* [Instructions for the task]: Below are records with pictures; copy word for word only the lines between the line with "На улицы вывели" and the line with "Tmavě modrý oblek", inclusive, and drop the pictures.

Top of Stored data

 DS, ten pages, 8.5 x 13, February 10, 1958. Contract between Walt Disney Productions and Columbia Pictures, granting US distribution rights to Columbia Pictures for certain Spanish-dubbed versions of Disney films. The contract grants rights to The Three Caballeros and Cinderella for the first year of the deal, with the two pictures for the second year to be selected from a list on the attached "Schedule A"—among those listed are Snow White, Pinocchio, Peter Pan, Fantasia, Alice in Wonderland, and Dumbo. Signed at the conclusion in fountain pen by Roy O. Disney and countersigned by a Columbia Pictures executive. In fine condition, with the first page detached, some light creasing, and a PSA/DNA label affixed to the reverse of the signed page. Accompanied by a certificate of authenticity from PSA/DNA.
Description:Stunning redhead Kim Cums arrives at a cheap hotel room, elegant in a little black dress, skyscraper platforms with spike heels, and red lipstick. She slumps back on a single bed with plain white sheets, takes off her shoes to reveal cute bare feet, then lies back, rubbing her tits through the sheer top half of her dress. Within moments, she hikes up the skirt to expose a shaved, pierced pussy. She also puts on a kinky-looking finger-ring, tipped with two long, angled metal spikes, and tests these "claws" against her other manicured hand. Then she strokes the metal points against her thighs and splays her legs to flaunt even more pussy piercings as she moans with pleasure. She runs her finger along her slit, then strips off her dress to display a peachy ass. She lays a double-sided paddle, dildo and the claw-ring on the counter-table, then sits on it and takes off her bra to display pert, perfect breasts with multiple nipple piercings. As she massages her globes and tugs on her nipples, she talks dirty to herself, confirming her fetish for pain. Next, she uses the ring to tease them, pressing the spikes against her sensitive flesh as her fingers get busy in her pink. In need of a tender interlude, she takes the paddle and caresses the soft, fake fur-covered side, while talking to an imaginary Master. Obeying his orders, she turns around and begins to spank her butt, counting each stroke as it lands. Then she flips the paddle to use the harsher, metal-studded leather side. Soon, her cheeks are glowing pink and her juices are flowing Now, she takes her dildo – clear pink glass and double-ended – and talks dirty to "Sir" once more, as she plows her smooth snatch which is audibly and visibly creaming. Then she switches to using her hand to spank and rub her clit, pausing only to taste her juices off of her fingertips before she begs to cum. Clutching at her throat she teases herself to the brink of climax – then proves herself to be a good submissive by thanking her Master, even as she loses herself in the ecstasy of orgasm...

Bottom of Stored data
Top of Stored data

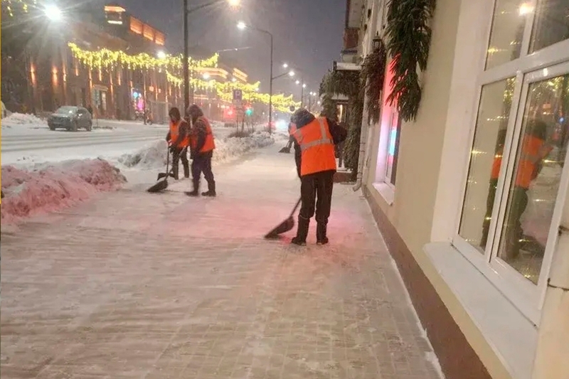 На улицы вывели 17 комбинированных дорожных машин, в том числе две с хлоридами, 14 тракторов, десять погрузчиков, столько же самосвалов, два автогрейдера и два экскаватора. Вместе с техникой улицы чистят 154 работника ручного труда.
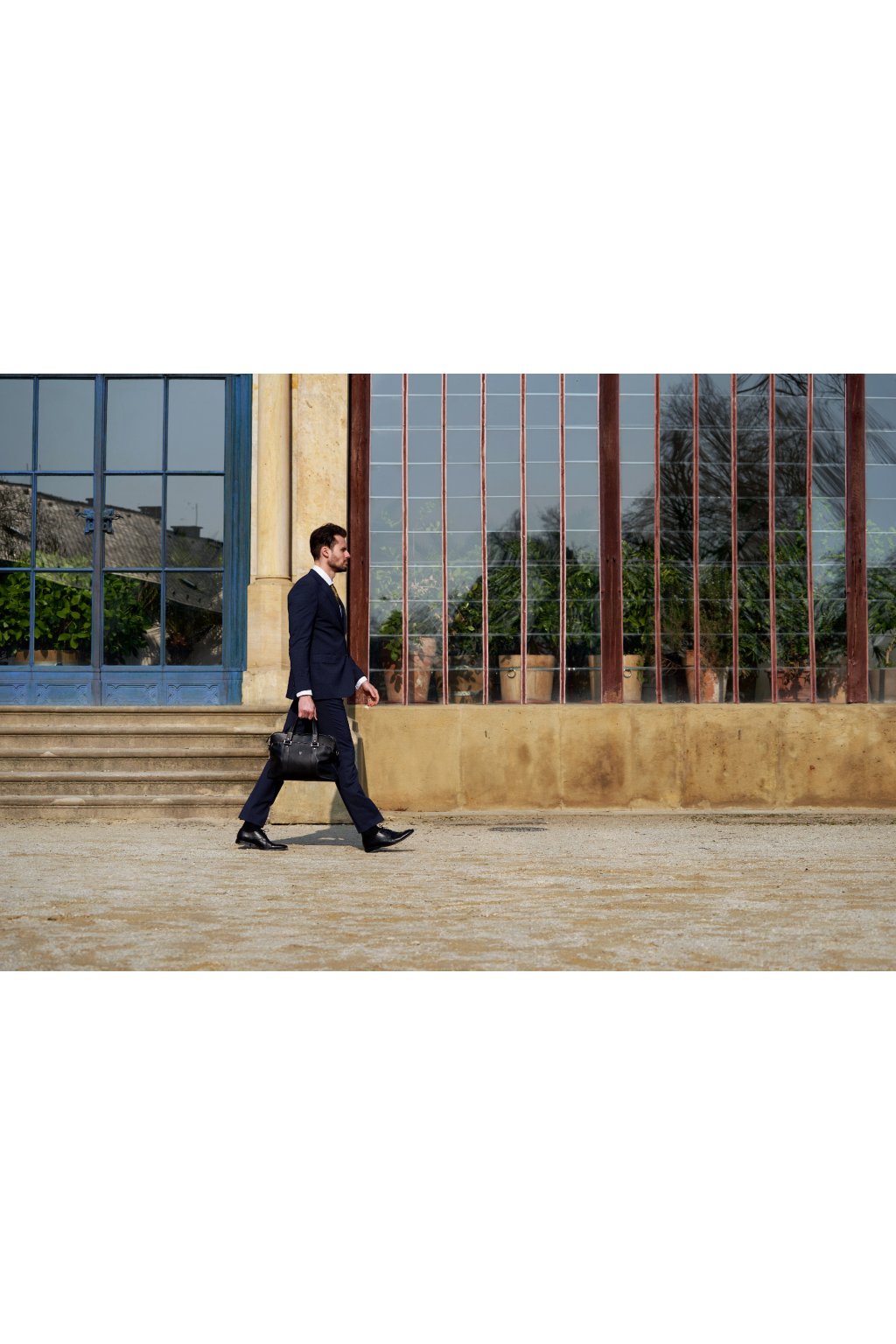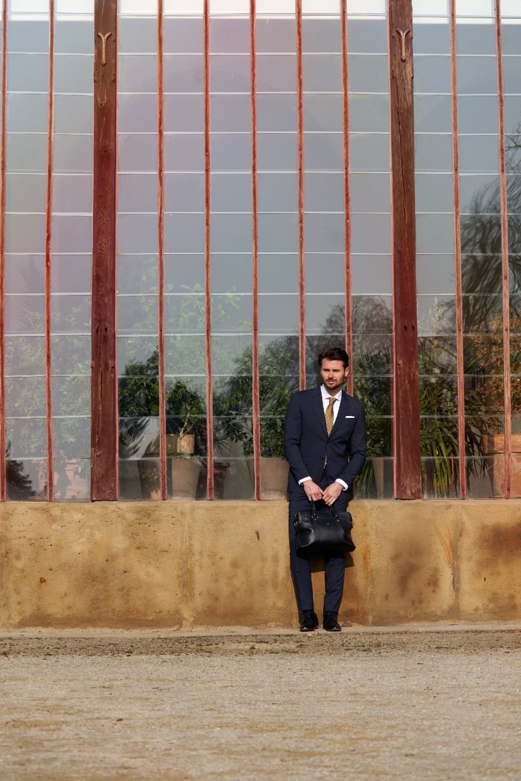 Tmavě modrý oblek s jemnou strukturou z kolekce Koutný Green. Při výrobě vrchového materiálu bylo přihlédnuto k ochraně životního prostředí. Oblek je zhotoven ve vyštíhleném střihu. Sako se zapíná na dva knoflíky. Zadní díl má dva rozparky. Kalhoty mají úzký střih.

Bottom of Stored data

* [Response for this exercise]:
 На улицы вывели 17 комбинированных дорожных машин, в том числе две с хлоридами, 14 тракторов, десять погрузчиков, столько же самосвалов, два автогрейдера и два экскаватора. Вместе с техникой улицы чистят 154 работника ручного труда.
 Tmavě modrý oblek s jemnou strukturou z kolekce Koutný Green. Při výrobě vrchového materiálu bylo přihlédnuto k ochraně životního prostředí. Oblek je zhotoven ve vyštíhleném střihu. Sako se zapíná na dva knoflíky. Zadní díl má dva rozparky. Kalhoty mají úzký střih.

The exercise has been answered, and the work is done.